Subsequently, further transparency is needed with regard a spouse’s future income being subjected to financial orders for compensation. As per McFarlane, should it apply strictly to applicants with evidence of a lucrative career which was given up? And if so what is the staring income, or what defines a ‘lucrative’ career? And to what point would a judge impose values on ‘subjective, non-pecuniary worth’ of different career fields. Therefore, the courts have contained this area restrictively, in order to aid such uncertainties, by allowing a spouse with ordinary career paths, to be compensated accordingly by general assessment, however this was not expressly limited. It was observed in subsequent case law that claim for compensation in AR is a feature to aid fairness rather than a claim in its own right. Thus, compensation for market sacrifices has now been established as an independent element award but the scope is unclear.
Despite some clarification of the AR law in Miller; McFarlane, things are still far from clear. With persistent uncertainties within differing judicial opinions, regarding principles as rules or guidelines, with cases incorporating different approaches, fairness and legal certainty are becoming blurred, and ultimately leading to resource consuming litigation. Whilst this ‘democratic equality discourse’ is favoured compared to the ‘discourse of traditional patriarchal family values’, too wide of a judicial discretion, ruling under persistent uncertainties may mean a ‘decent into chaos.’ Thus, one looks towards to potential scope of reform.
When considering reform, one is immediately drawn to the legal uncertainty, the conflicting views of judges, and the wide judiciary discretion within AR law, exemplified within cases being ruled with the established principles and others using them as mere guidelines to consider. Undoubtedly, the need for legislation would acknowledge ‘limitations of judicial law making’, whilst allow further progress and suitable legislation for those small assets cases, who cannot access the court system. Necessary adaption of the law in contemporary society can only be achieved through legislative change and cannot be granted by judges ‘without trespassing beyond their legitimate function.’ Despite reform being considered in 1998 and 2012, based on the grounds of introduction of overarching guidelines, and addressing uncertainty in the law, these issues have largely been put on the back burner seemingly lacking in governmental priority, with issues of Brexit dominating. I believe that the HL has struck a balance between fairness regarding non-discrimination and protecting property interests, however the judiciary seems to have reached their boundaries. Furthermore, legislative intervention is necessary to help small money cases and to set example of correct precedent within the courts.
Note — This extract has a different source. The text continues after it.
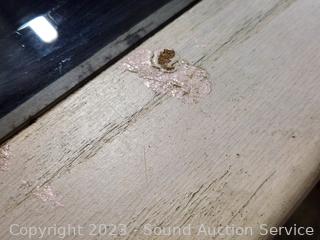 19" H x 27" x 23". Beveled glass. Some scuffs, wear to finish.

In conclusion, the AR law is clearly developing towards fairness, yet persistent uncertainties remain. Whilst the HL has raised the issues of non-discrimination and fairness as primary concerns, through the aforementioned cases, uncertainties in their aftermath leave a confusion in the area, which leads to resource-consuming litigation which sucks the life out of the very assets being fought for, often leaving unfair settlements. I believe the judiciary has reached their limits, signifying a need for legislative reform, yet the current situation unfolding within the United Kingdom, with regards Brexit, means legislative reform may not be priority.